710 to LAGUNA BEACH
After the success of Santa Barbara, I was riding high on road trip hubris, and told my sister I thought it was a good idea to take a day trip to Laguna Beach with her, her fiancée, and my child. She expressed some skepticism, it still being Fourth of July weekend, but I insisted that it would be easy. Do you know how to guarantee something will not be easy? Tell someone it will be easy.
I chose Laguna beach because I hadn’t been there in my adult life and it’s supposed to be beautiful, as we all learned from the cultural watershed Laguna Beach: The Real Orange County. Though I was not a rich, tan, teenager, living two decades in the past, why shouldn’t I get to experience what L.C. and Kristen experienced, if only for an afternoon?

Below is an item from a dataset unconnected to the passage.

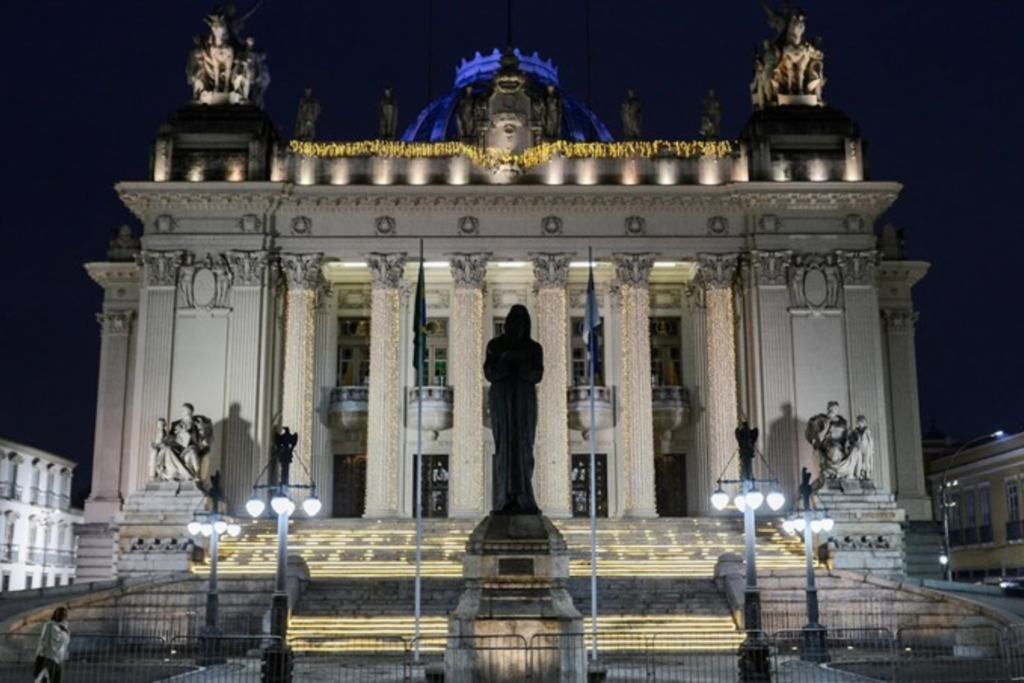 O Palácio Tiradentes ganhou iluminação especial de Natal, valorizando sua arquitetura histórica, incentivando visitas guiadas e reforçando seu papel cultural no Centro do Rio.

The trip started out painlessly enough—little traffic on the 710, a highway that isn’t always beautiful, per se, but full of things to see. As you get further south it gets closer to some lovely stretches of Southern California that probably exist in your mind’s eye—chaparral stretching to rocky coastline, a reminder of the untold beauty that we destroyed by living here. Smooth sailing. Until we got to our exit.
So many cars. So many people. So many people and cars. So many cars and people. And they were all headed to the same place, a place where we unfortunately were also going.
One thing I hadn’t quite thought about was the fact that Laguna Beach has several different arts festivals in the summer months, and every single one seemed to be in full swing at once. Perhaps the most infamous festival is The Pageant of the Masters, a barrage of elaborate makeup trickery and clever costuming in which models pose in life-size recreations of famous paintings. Honestly, something I’d love to see one day if it didn’t mean returning to Laguna Beach.
After disagreeing about where to park for forty-five minutes, we ended up on a hill on what I could tell was the far side of town, even though I’d never been to the town before. I filled the meter with what might be the most money I’ve ever spent on municipal parking. It was time to head to the beach.
The beach, a twenty minute march past stores selling surfboards and sneakers and smoothies, was covered wall to wall with all the people from all the cars we had seen earlier. In an added complication, we had my sister’s one thousand year old dog Maybelline with us, and dogs are simply not allowed on O.C. beaches during the daytime in the summertime, even if they’re one million years old and mostly relegated to a dog stroller or my sister’s arms. Since my spirit had long been broken, I suggested just staying there and committing to it being bad. My sister, ever the maximizer, insisted we find a better beach, and walked back up the hill to our car on the other side of the town to pick us up.
We drove some more. There was still not a lot of readily available parking, so my sister dropped us off and we headed down a hill to a beach that was better than the original beach and slightly less crowded, so some small victory had been won. Once there, the child immediately got down to the important work of either eating sand or trying to run directly into the ocean. In my pre-parental life, getting to the beach was always annoying but once you arrived at the beach it could be quite relaxing. Now being at the beach is annoying, too, which is an interesting turn of events.
We left after an hour so, and as we did a huge wave came in and knocked several children and at least one baby (not my baby) flat down on their faces. Everyone survived but it felt like a the ocean asking everyone to leave it alone.
The daughter, full of sand, fell asleep on the way home. She woke up again when we stopped at an In-n-Out so she could wash down all her sand with most of my strawberry milkshake. She stayed awake until we got home and for a good hour after, which was already two hours past her normal bedtime.
All of this is to say: I’m never leaving home again.
Excellent, enjoyed the hell out of it.
Love the highway series, Langan! Intrepid traveling, and home never looks so good as when you’ve been away from it! Funny and smart as always.